The oratory was hardly wow, but I liked it nonetheless. Newly sworn-in Lt. Gov. Brian Schatz described the nation’s politics as “enflamed by extremes” and warned that “Hawaii must not follow this angry road.”
The 38-year-old Schatz also had a warning for his fellow 30-somethings: “Stop complaining about things.
Get involved. Democracy is not what we have, it is what we do. Hawaii was built by people our age.” He finished with a call for a new era of cooperation based on “Island principles, island hope, all of us together.”
Abercrombie rose to speak of a “heart that is full,” of how when he arrived in Hawaii a half-century earlier “it never occurred to me that I’d stand here.” That full heart overflowed at least twice during his speech.
So too did his intellect – first in stating the spirit in which he wanted his administration to proceed.
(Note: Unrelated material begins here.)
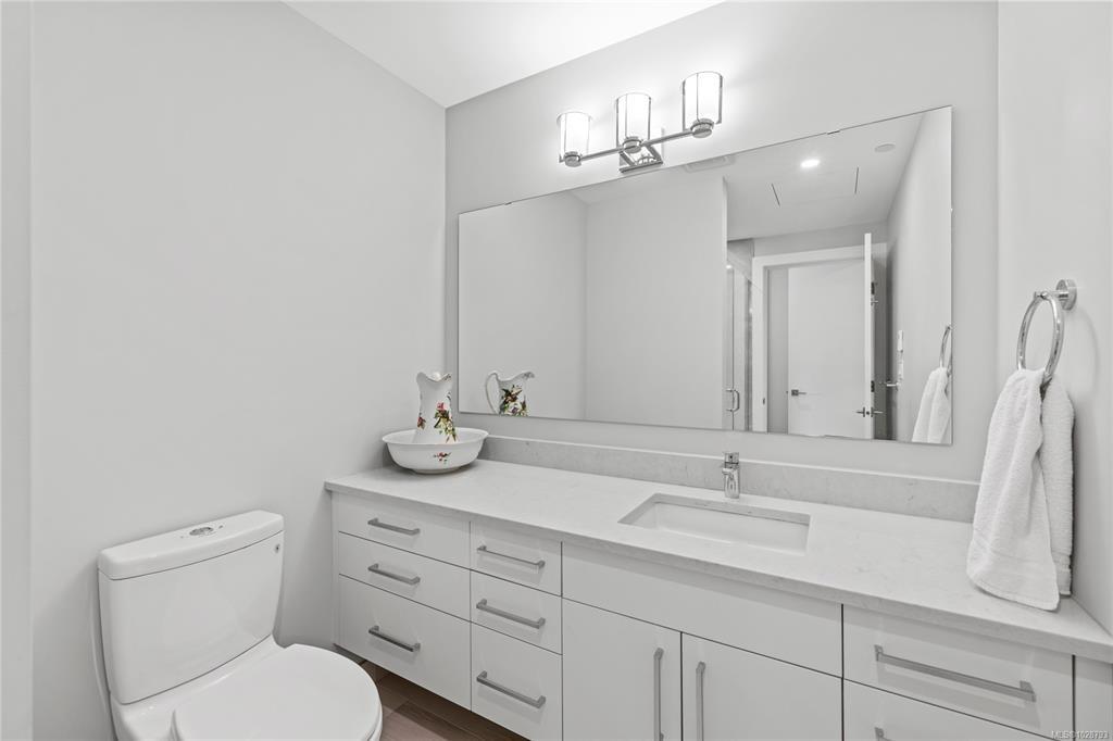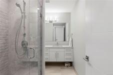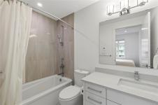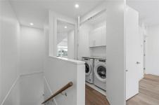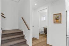 The first floor features an open-concept living and dining area highlighted by a sleek peninsula kitchen with premium cabinetry as well as a bathroom. Step outside to the private deck for effortless indoor-outdoor relaxation. Upstairs, discover the laundry station and two spacious primary suites, each featuring dedicated spa like ensuites.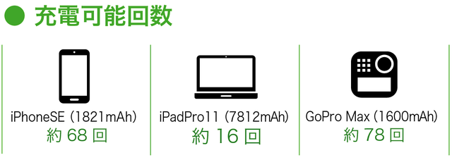 常に充電しておきたいスマホやパソコン、 ビデオカメラ、ドローン、ゲーム機など、お手持ちのデバイスを何度も繰り返し充電できますので、バッテリー残量を気にせずアウトドアを満喫できます。

Abercrombie cited Dietrich Bonhoeffer, the German theologian/ethicist who was imprisoned and martyred to the Nazis during World War II and whose writings became required reading in post-war seminaries. Amid the horrors of war and imprisonment, Bonhoeffer wrote of “the need for joy,” that “if you serve the Lord with gladness, joy overcomes.”
Abercrombie echoed Schatz in reminding his audience that cooperation and caring were the order of the day, invoking the Dalai Lama: “If you neglect the welfare of others, ultimately you will be very lonely.”
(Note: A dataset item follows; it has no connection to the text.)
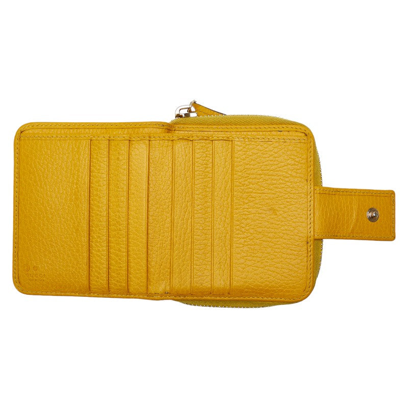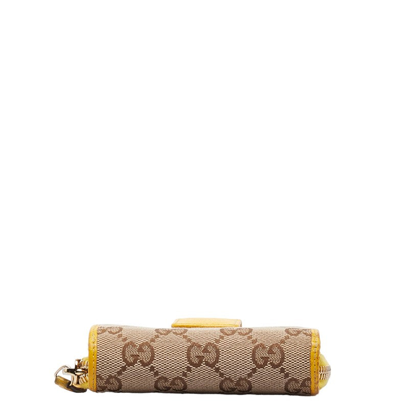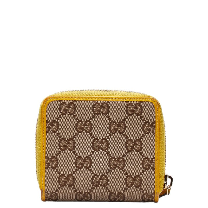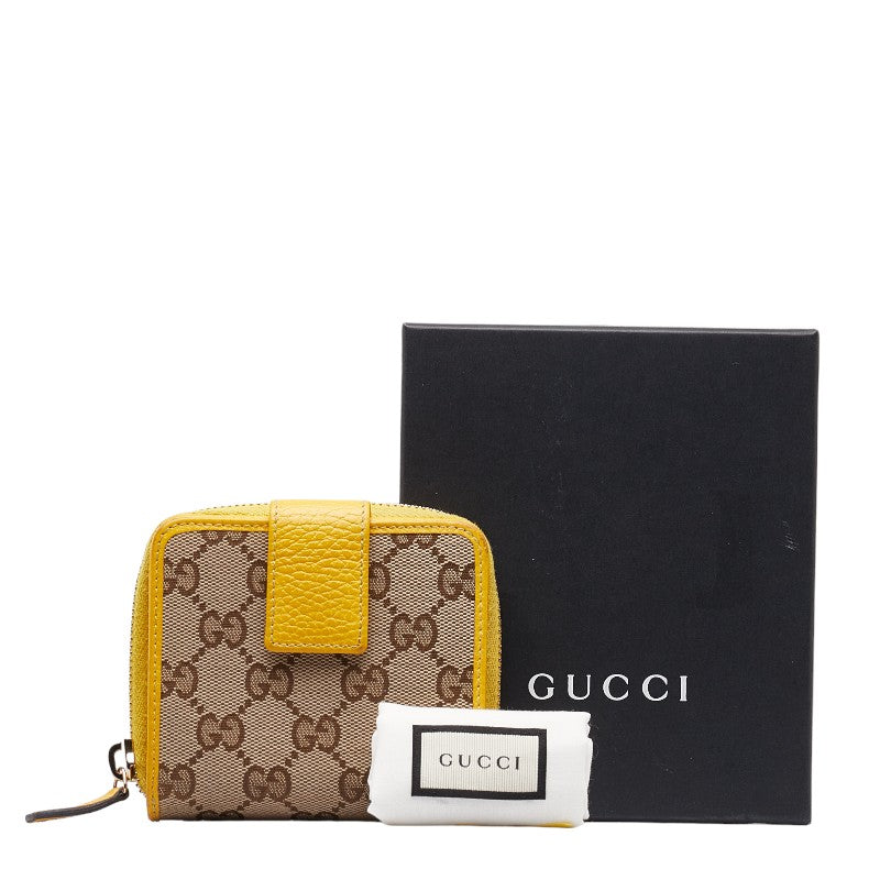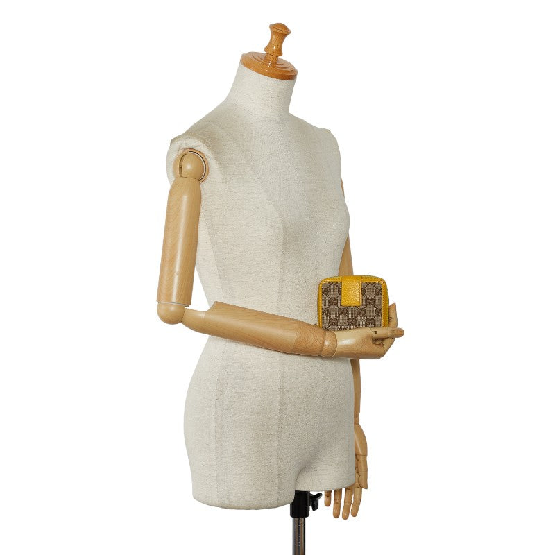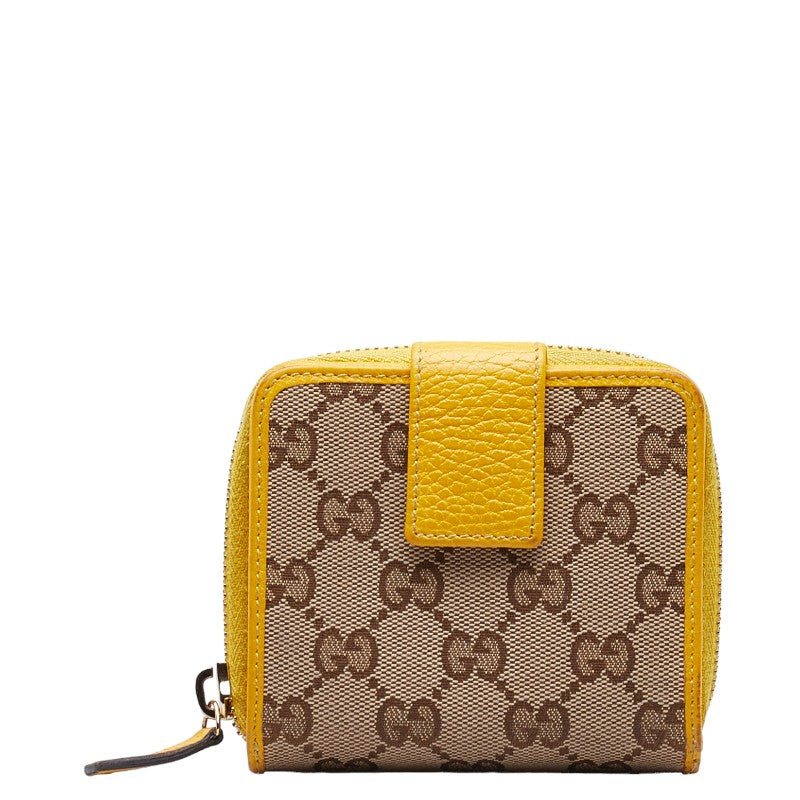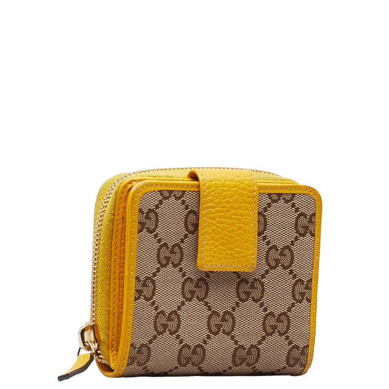 グッチ GGキャンバス 二つ折り財布 ラウンドファウナー コンパクトウォレット 346056 ベージュ イエロー キャンバス レザー レディース GUCCI 【中古】

Abercrombie reminded his audience that “we are an island people,” and returned to Bonhoeffer and his injunction that “civic courage” is required of a free people. Abercrombie then called on Frances Perkins, Franklin Delano Roosevelt’s Secretary of Labor. In the throes of the Great Depression, Perkins insisted the nation needed “a public conscience.”
Less than an hour after the inaugural’s benediction, Abercrombie met the press in his new fifth-floor office. There he demonstrated his “joy,” needling the press, kidding himself, and making fun of the departments of Budget and Finance and Accounting and General Services, describing them in hushed tones as “a deep mystery.”
But he dealt with matters of “public conscience” as well, releasing $67 million from the Hurricane Relief Fund to end teacher furloughs on instructional days.
Not a drab first day at all for the resplendent Gov. Abercrombie.